Task item: Return the data exactly, with all pictures removed.

↓↓↓

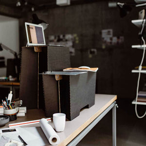 Comme tous les meubles en carton de RIAB, le MonKey Desk est fabriqué à partir du carton ondulé AVANA de la plus haute qualité. Nous obtenons ainsi pour nos produits un niveau élevé de stabilité et de durabilité. De plus, notre mobilier convainc par son faible poids et sa durabilité écologique. Le matériau est composé de 54 à 80 % de fibres de papier recyclé et est 100 % recyclable. Une colle végétalienne d'amidon de maïs lie les différentes feuilles de papier, qui sont finies avec des encres à base d'eau sans solvant. Le résultat est un produit respectueux de l'environnement qui, à la fin de son cycle de vie, peut être éliminé rapidement et facilement dans la poubelle à papier et être réintroduit dans le cycle des production.
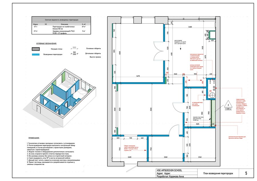 Альбом чертежей содержит планы, а также развертки, 3D схемы и перспективные виды для гостиной, кухни и спальной.
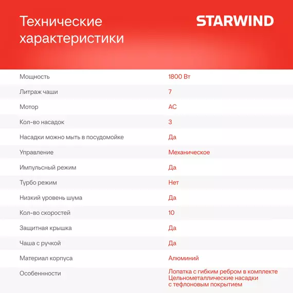 | Особенности | Низкий уровень шума; Цельнометаллические насадки, которые можно мыть в посудомойке |
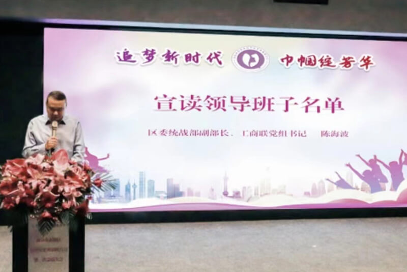 區(qū)委統(tǒng)戰(zhàn)部副部長(zhǎng)、工商聯(lián)黨組書記陳海波宣讀了當(dāng)選會(huì)長(zhǎng)、副會(huì)長(zhǎng)、秘書長(zhǎng)名單,南京銀橋國際生活廣場(chǎng)有限公司總經(jīng)理潘麗當(dāng)選為會(huì)長(zhǎng)。
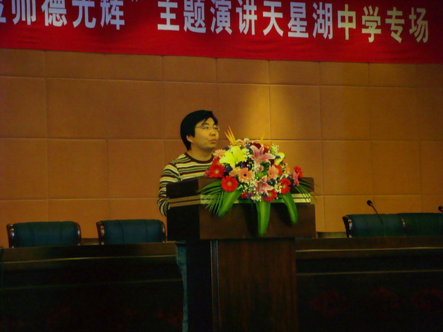 12月5日,开发区“学习英雄教师,彰显师德光辉”主题巡回演讲在天星湖中学新落成的报告大厅举行。 比赛中,八位老师围绕主题结合各校的实际和自身的情况,诉说对英雄教师的崇敬之情,畅谈自己的学习体会,表达自己学习的决心。他们感人至深、激人奋进的演讲深深打动了所有的听众。 精彩而庄重的演讲,不仅使全体教师感受到了演讲者的风采,更感受了一次深刻的洗礼和升华,正如徐新民校长在总结时所说的那样,通过这次演讲,我们需要达到提高师德水平、用实际行动去诠释人民教师这一光荣而伟大的社会角色的目的,弘扬正气,树立典型,在全校形成敬业爱生、育人奉献、和谐共进的良好风气,为创建文明和谐、健康向上的校园文化而努力。
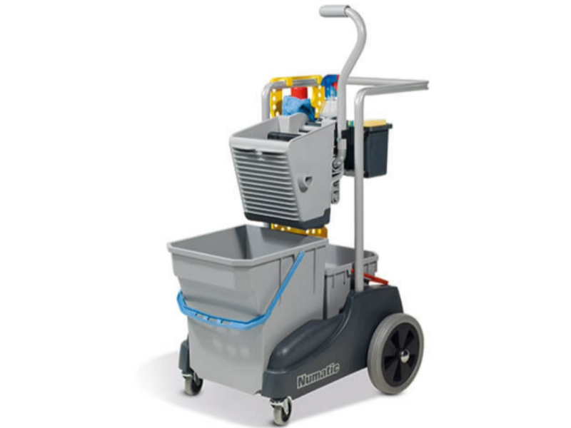 The Twinmop 2815 is a world first, being a complete compact dual bucket mopping system incorporating a large, oversize, clean water bucket, dirty water pail and using Numatic’s patented AWS (Automatic Water Separation) system. A small caddy comes as standard to permit all those essential cloths, sprays, etc to be carried.

↑↑↑

Task output:
 Comme tous les meubles en carton de RIAB, le MonKey Desk est fabriqué à partir du carton ondulé AVANA de la plus haute qualité. Nous obtenons ainsi pour nos produits un niveau élevé de stabilité et de durabilité. De plus, notre mobilier convainc par son faible poids et sa durabilité écologique. Le matériau est composé de 54 à 80 % de fibres de papier recyclé et est 100 % recyclable. Une colle végétalienne d'amidon de maïs lie les différentes feuilles de papier, qui sont finies avec des encres à base d'eau sans solvant. Le résultat est un produit respectueux de l'environnement qui, à la fin de son cycle de vie, peut être éliminé rapidement et facilement dans la poubelle à papier et être réintroduit dans le cycle des production.
 Альбом чертежей содержит планы, а также развертки, 3D схемы и перспективные виды для гостиной, кухни и спальной.
 | Особенности | Низкий уровень шума; Цельнометаллические насадки, которые можно мыть в посудомойке |
 區(qū)委統(tǒng)戰(zhàn)部副部長(zhǎng)、工商聯(lián)黨組書記陳海波宣讀了當(dāng)選會(huì)長(zhǎng)、副會(huì)長(zhǎng)、秘書長(zhǎng)名單,南京銀橋國際生活廣場(chǎng)有限公司總經(jīng)理潘麗當(dāng)選為會(huì)長(zhǎng)。
 12月5日,开发区“学习英雄教师,彰显师德光辉”主题巡回演讲在天星湖中学新落成的报告大厅举行。 比赛中,八位老师围绕主题结合各校的实际和自身的情况,诉说对英雄教师的崇敬之情,畅谈自己的学习体会,表达自己学习的决心。他们感人至深、激人奋进的演讲深深打动了所有的听众。 精彩而庄重的演讲,不仅使全体教师感受到了演讲者的风采,更感受了一次深刻的洗礼和升华,正如徐新民校长在总结时所说的那样,通过这次演讲,我们需要达到提高师德水平、用实际行动去诠释人民教师这一光荣而伟大的社会角色的目的,弘扬正气,树立典型,在全校形成敬业爱生、育人奉献、和谐共进的良好风气,为创建文明和谐、健康向上的校园文化而努力。
 The Twinmop 2815 is a world first, being a complete compact dual bucket mopping system incorporating a large, oversize, clean water bucket, dirty water pail and using Numatic’s patented AWS (Automatic Water Separation) system. A small caddy comes as standard to permit all those essential cloths, sprays, etc to be carried.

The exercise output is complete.